High Court considers scope of employers’ liability for workplace violence

Evan S v Magiboards Limited [2025]

This article was co-authored by Arsema Mulat, Litigation Assistant.

The well known vicarious liability case of Mohamud v Morrison Supermarkets plc [2016] previously held that an employer was liable for the violence committed by it’s employee against a customer. In the recent case of Evan S v Magiboards Limited [2025] the Court was asked to consider whether an employer was liable for the violence committed by an employee against another employee.

Background

The claimant was involved in a physical altercation at work where a colleague, Mr B, punched him in the face fracturing his jaw.

Prior to this incident the claimant alleged there had been at least four previous occasions of “force, threats of force, verbal confrontation and abuse, intimidation, aggression or threats of physical confrontation” by Mr B towards the claimant and other colleagues, some of which allegedly took place in front of a supervisor and some of which were allegedly reported to a supervisor. On the day of the index incident it was further alleged that in the hour leading up to the incident Mr B was agitated and complaining about the claimant to the supervisor saying “[i]f you don’t stop him, I will”. The claimant alleged that some arguments, including on the day of the incident, related to the claimant wearing an earpiece and using a radio at work contrary to the unwritten workplace rules against use of the same.

The supervisor denied knowledge of the prior incidents, as did the managing director. It was instead advanced by the defendant that the claimant had confirmed in appraisals that everything was going well and queries were raised as to the genuineness of some of the claimant’s alleged events. 
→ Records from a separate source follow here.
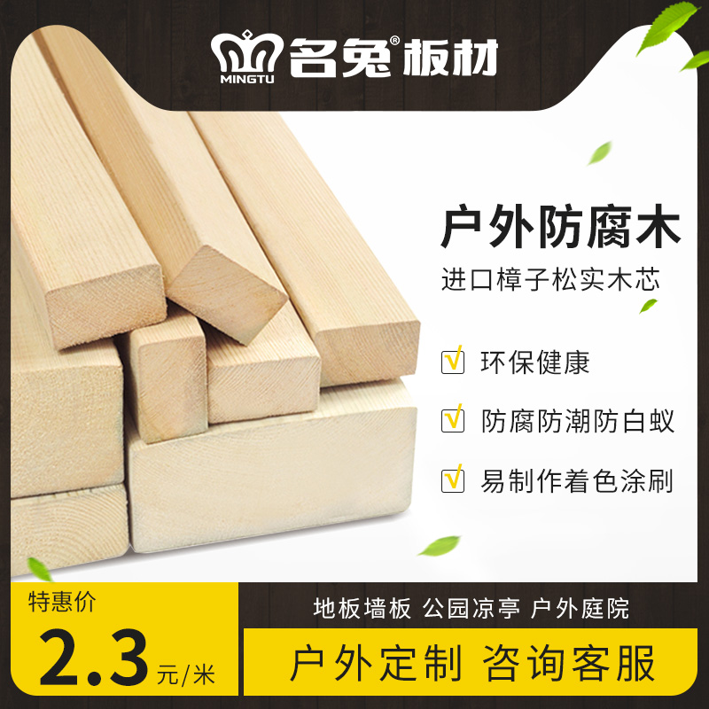名兔板材 樟子松防腐木 室内室外庭院阳台户外地板露台护墙板实木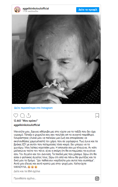 Η Αγγελική Νικολούλη θρηνεί για την απώλεια της μητέρας της, η οποία έφυγε από τη ζωή το Σάββατο 1η Νοεμβρίου, έπειτα από μακρά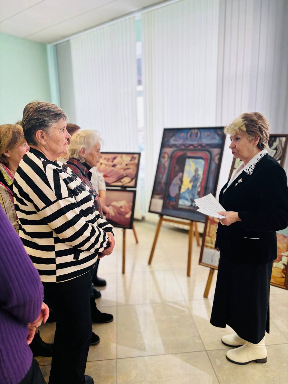 В рамках клуба общения «Перемена» для граждан «серебряного» возраста Ивановского территориального центра была организована экскурсия на выставку репродукций картин Николая Константиновича Рериха «Маяки света». О жизни и творчестве художника, формировании его мировоззрения и источниках вдохновения участникам экскурсии рассказала старший научный сотрудник ГУК «Районный музейный комплекс имени Наполеона Орды» Лариса Георгиевна Дричиц. Она также поведала о том, что каждое полотно автора наполнено не только историей и мифологией, но и глубокой духовностью, красотой и гармонией.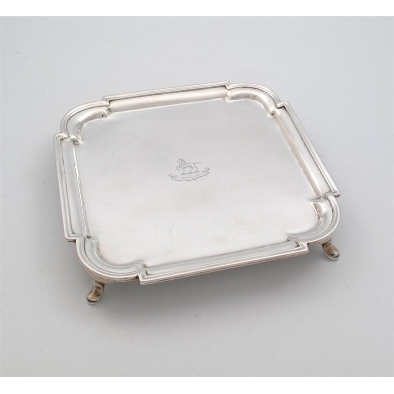 square form, rounded corners, on four bracket feet the centre engraved with a crest and motto, width 21cm, approx. weight 18oz.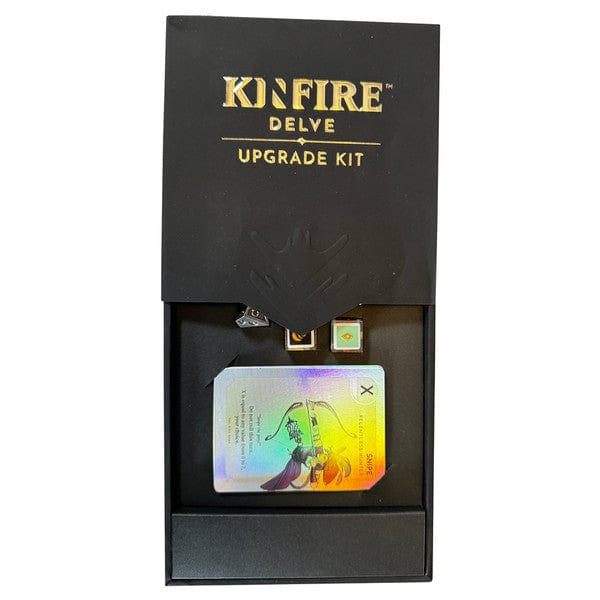 Improve your Kinfire Delve experience with this premium update. The upgrade kit includes six holographic Seeking Lantern cards to light your path, a custom metal 10-sided Countdown die, and four epoxy resin Delve dice. Each piece brings quality and flare to your game, giving you the perfect tools to take on the challenges of the Well Masters with confidence and brilliance.
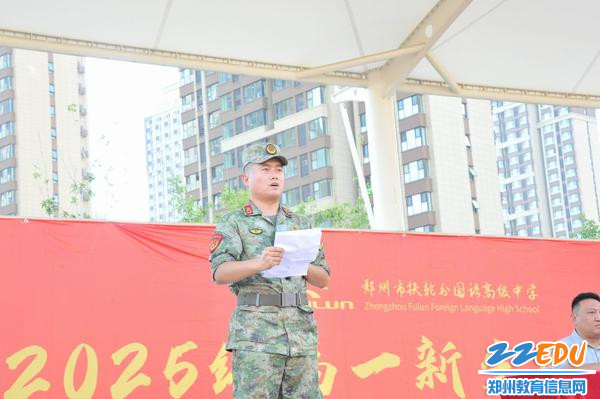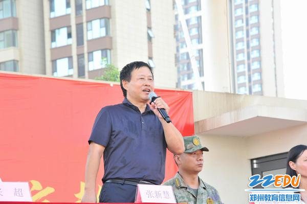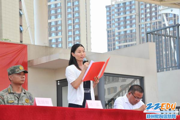 郑州市扶轮外国语高级中学党总支书记张新慧宣布军训开始

Mr B and the claimant were dismissed for gross misconduct as a result of the incident. Mr B was subsequently acquitted in criminal proceedings.
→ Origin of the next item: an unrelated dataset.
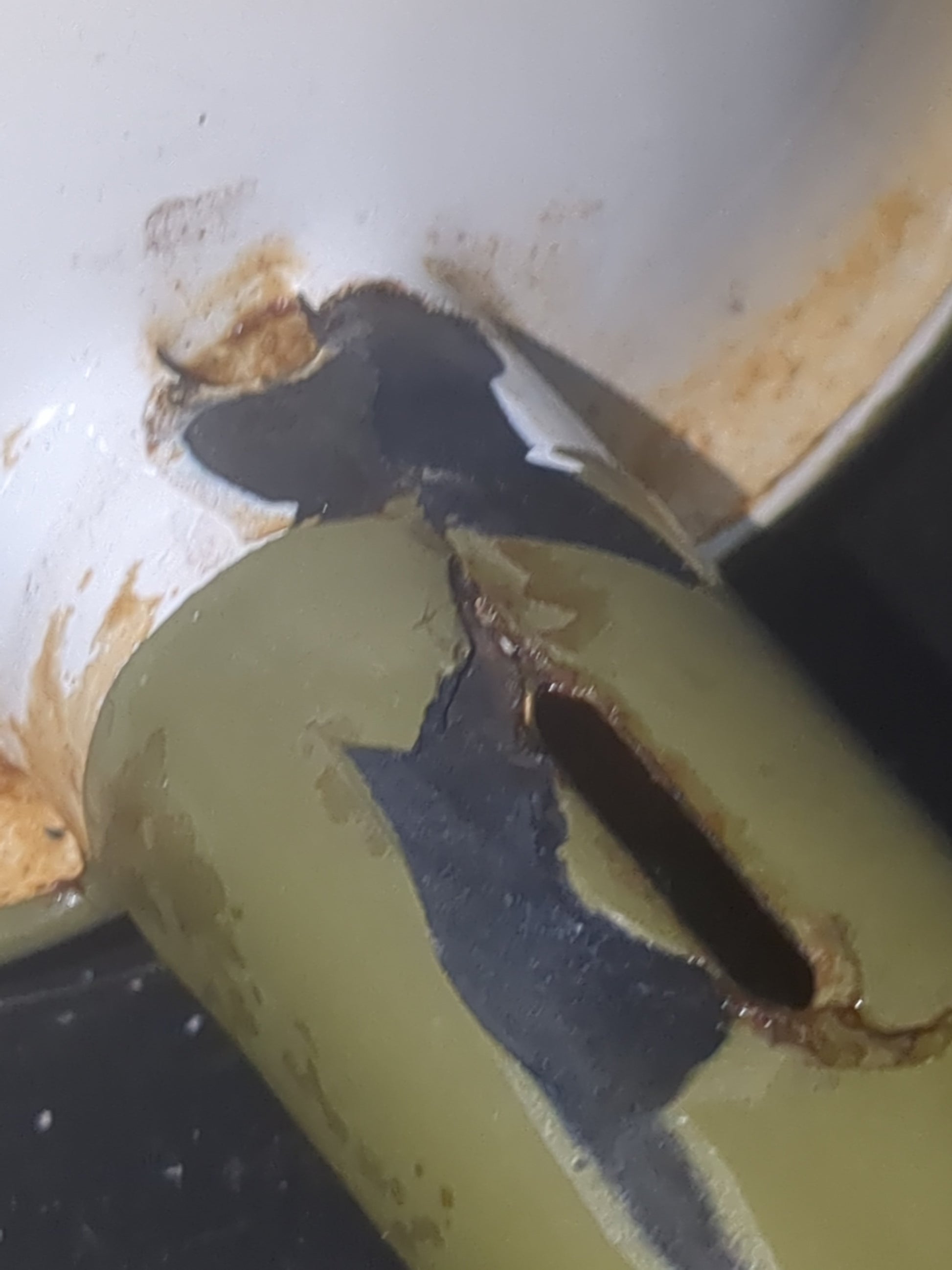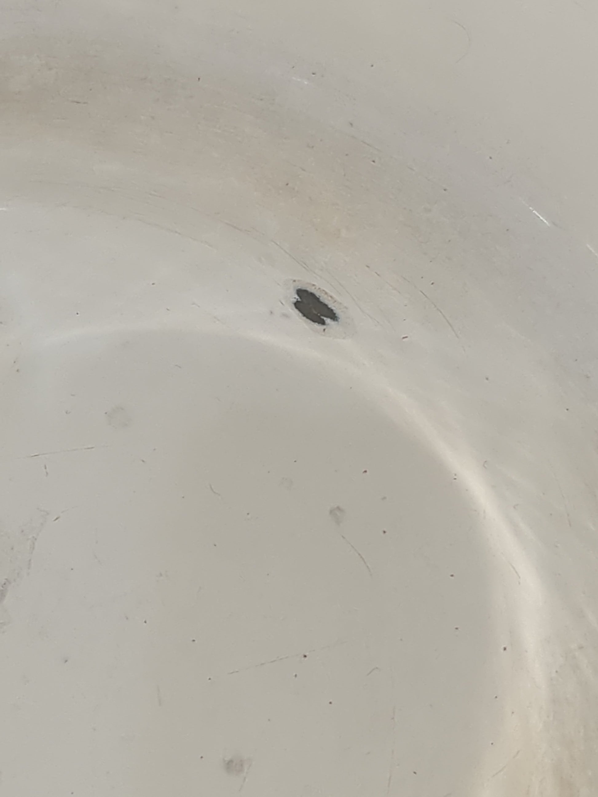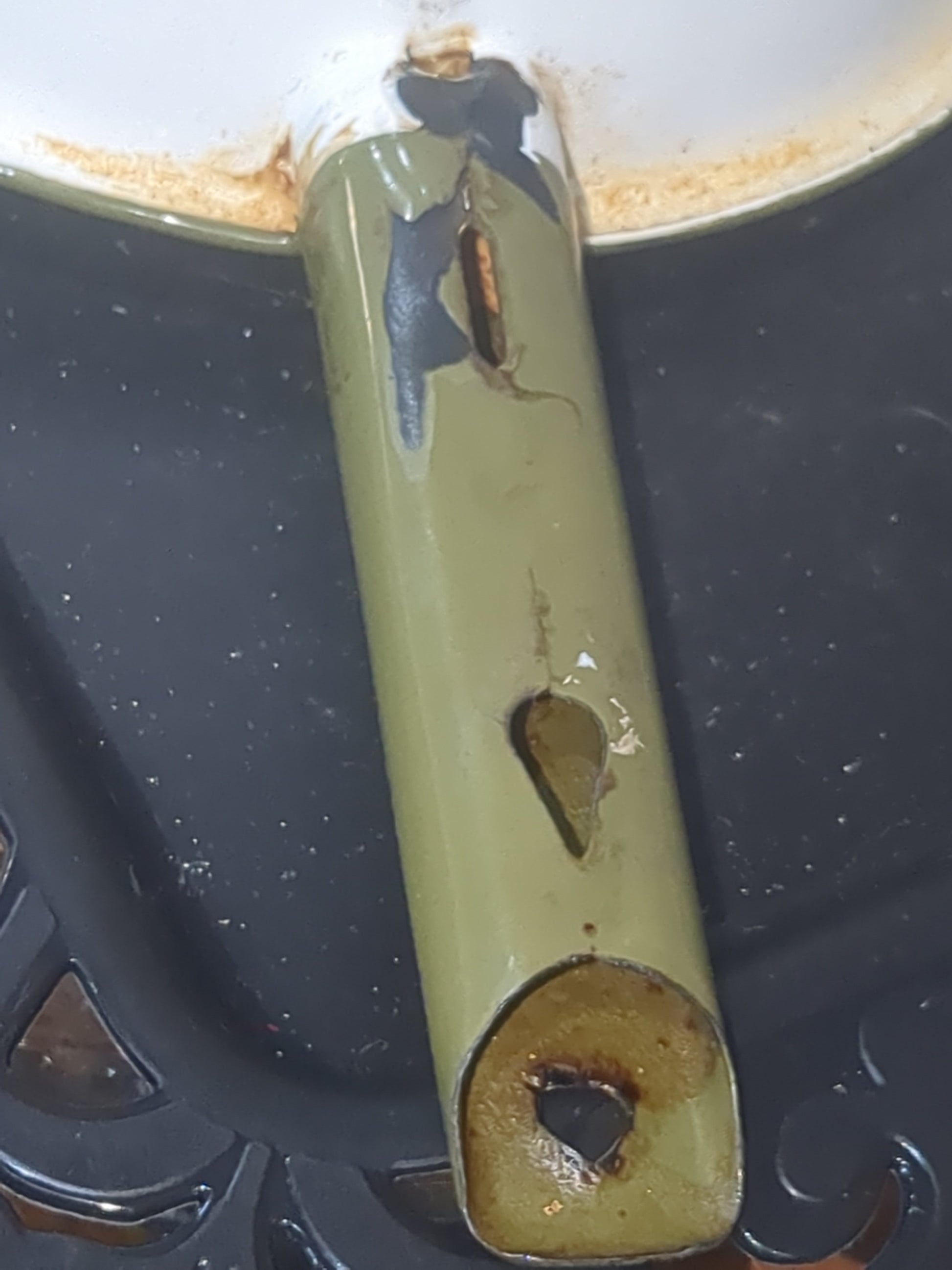 This is a unique colored enamel pot it's white with almost a military green color. it has some patina. it has some areas that have lost its enamel around the rim inside and on the bottom of the handle. It has some rust. Please see photos since these are part of the description.

The claimant alleged his employer was:

  1. Primarily liable for failing to take sufficient care of him at work.
  2. Vicariously liable for the actions of Mr B.

Primary liability

The claimant alleged it was reasonably foreseeable that Mr B would attack him due to the previous incidents. By the supervisor not taking steps to deal with Mr B, the claimant alleged the defendant was primarily liable for failing to take reasonable care of him whilst he was at work.

The defendant argued that there were no previous incidents or that if there were any, violence was not involved, meaning that they had no prior warning of Mr B’s attack to enable them to take any steps to avoid it. 
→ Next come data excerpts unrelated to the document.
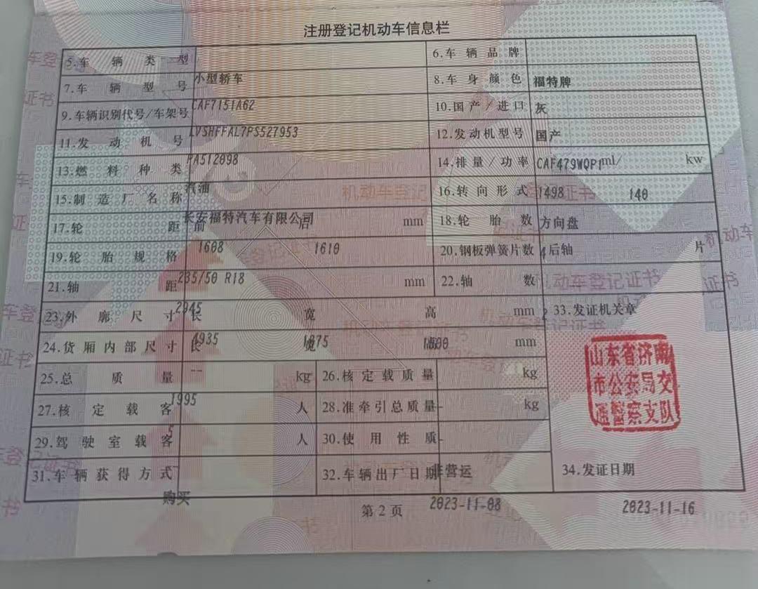 车牌号 鲁****** 品牌 福特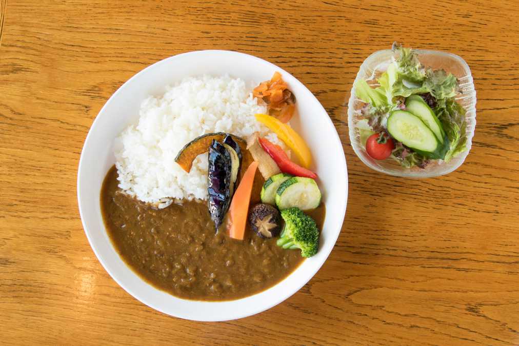 洞窟めぐりでそろそろお腹が空くころ。約800mの山上にあるスカイパレスときわで、ランチタイムです。お目当ては、地元で採れた旬の野菜がたっぷりのった、たむら八彩カレー(750円)。高原育ちの濃厚な野菜を、コク深い自家製ルーが受け止めます。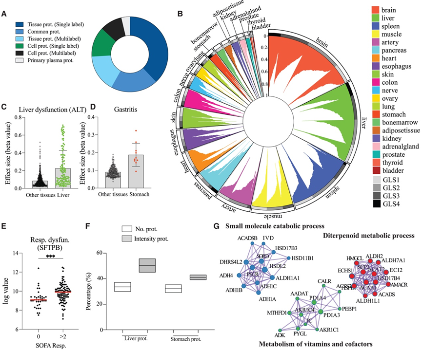 (A) 环形饼图显示了血浆中所有已识别的蛋白质以及根据全局分布图谱分配的全局蛋白质组的百分比分布。(B) 圆形条形图描绘了血浆中鉴定出的组织富集蛋白,并按其所属组织和 GLS 进行细分。(C-D) 点图显示组织富集蛋白及其与肝功能障碍和胃炎的蛋白质关联(效应大小)。(E) 点图显示呼吸功能障碍的脓毒症患者(SOFA 呼吸评分 > 2)与无呼吸功能障碍的脓毒症患者(SOFA 呼吸评分 = 0)的血浆蛋白质肺表面活性物质 B 水平。(F) 首先筛选出所有在血浆中检测到的、在肝脏和胃中富集的蛋白质。条形图比较了两份图谱(HATLAS 和 EMBL)中蛋白质比例与其在相应器官中的强度比例。(G) 富集字符串网络图,其中包含 (C) 中标记为“肝脏”的蛋白质。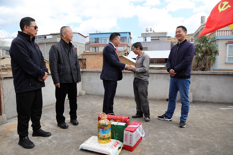 隆冬透寒意,慰問暖人心。1月14日,在中國傳統春節即將來臨之際,云南養瑞集團黨委書記、董事長、總裁邵全赴湯池走訪慰問與集團結對的3戶“共同富裕共建戶”,送上節日的慰問和祝福,讓楊光祥、李躍兵、趙才德及家人在數九寒冬里感受到絲絲暖意。原武警山東省警衛局局長舒明少將,原云南省食品藥品監督管理局副局長張豫昆,昆明陽宗海風景名勝區管理委員會黨工委副書記、區“兩新”黨工委書記張磊,養瑞集團黨委書記、董事長、總裁邵全出席慰問活動。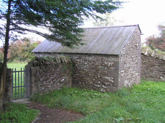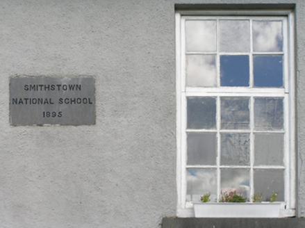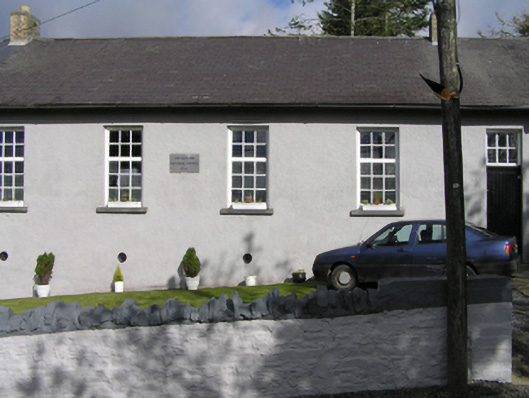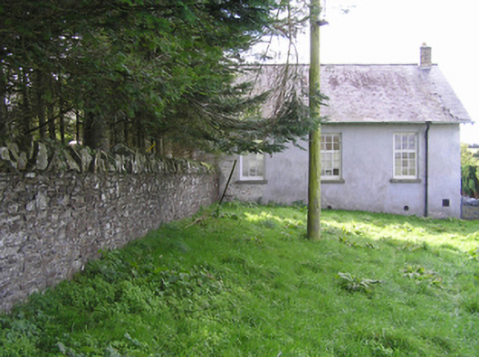 Detached five-bay single-storey national school, dated 1895, on a rectangular plan. Now disused. Pitched slate roof with clay ridge tiles, yellow brick Running bond chimney stacks having chamfered capping supporting yellow terracotta pots, timber bargeboards to gables on thumbnail beaded timber purlins, and cast-iron rainwater goods on exposed timber rafters on slightly overhanging timber boarded eaves retaining cast-iron downpipes. Rendered coursed or snecked limestone walls with concealed flush quoins to corners. Square-headed window openings centred on cut-limestone date stone ("1895") with drag edged dragged cut-limestone sills, and concealed dressings framing timber casement windows. Square-headed door opening (east) with two cut-limestone steps, and concealed dressings framing timber boarded door having overlight. Interior including vestibule (east) with timber boarded wainscoting supporting timber dado rail; carved timber surrounds to door openings into classroom framing timber doors; full-height classroom (west) with timber boarded wainscoting supporting timber dado rail, and exposed Queen post timber roof construction. Set in landscaped grounds.

The Court found the claimant an unconvincing witness and considered that the prior incidents did not occur. They also considered that the alleged immediate threat by Mr B to sort it out himself did not occur. As such the earliest possible warning of potential violence by Mr B was when Mr B approached the claimant immediately before the punch, but that even then the claimant admitted that as Mr B was walking over he himself did not believe he would be punched. In light of this the defendant could not have predicted the punch and there were no measures that they could have taken to prevent the assault. The Court held the defendant was not primarily liable.

Vicarious liability

Vicarious liability required the claimant to establish that:

  1. There was an employer/employee relationship between the defendant and Mr B (accepted).
  2. There was a sufficiently close connection between that relationship and the action of Mr B punching the claimant (disputed).

The defendant argued that the fact the incident occurred in the workplace was insufficient to say there was a sufficiently close connection. There were no employment aims given to Mr B which meant an assault was likely, the nature of the business did not give rise to any special risk of assault by colleagues, there was no general friction  inherent in the workplace and no power conferred on Mr B over the claimant.

The claimant advanced that Mr B had an obligation, as all employees did, to observe workplace rules and to raise a complaint when others were not following them. It was also asserted by the claimant that it was within Mr B’s rights to enforce the rules when his supervisor did nothing about it. This was argued to be enough to say there was a sufficiently close connection between the rules and Mr B’s conduct.

The Court rejected the claimant’s suggestion that Mr B’s actions were in furtherance of the defendant’s interests regarding the rules. Mr B was not the claimant’s supervisor and his actions were entirely unconnected to the workplace beyond the fact that they occurred in the workplace against a fellow employee. As such the defendant was not vicariously liable.

Comment

The defendant highlighted that since the decision in Mohamud v Morrison Supermarkets plc there had been an “elegant judicial rowing backwards” of the sufficient connection test, particularly noting the Supreme Court decision in WM Morrison Supermarkets pls v Various Claimants [2020]. This case held that there was not a sufficiently close connection between the disgruntled employees mass data breach which was motivated by a vendetta to harm the company rather than a furtherance of its aims.

Similar recent decisions can be seen in cases such as Chell v Tarmac Cement and Lime Limited [2022] (insufficient connection between work and a prank by an employee on another), Ali v Luton BC [2022] (insufficient connection between work and misuse of personal data by an employee) and Trustees of the Barry Congregation of Jehovah's Witnesses (Appellant) v BXB (Respondent) [2023] (insufficient connection between position of an elder and the rape of a congregation member when not carrying out activities for the church). The decision in Evan S seems to be a continuation of the courts restricting the scope of vicarious liability and confirms that employers are not simply liable for an incident just because it happened in the workplace.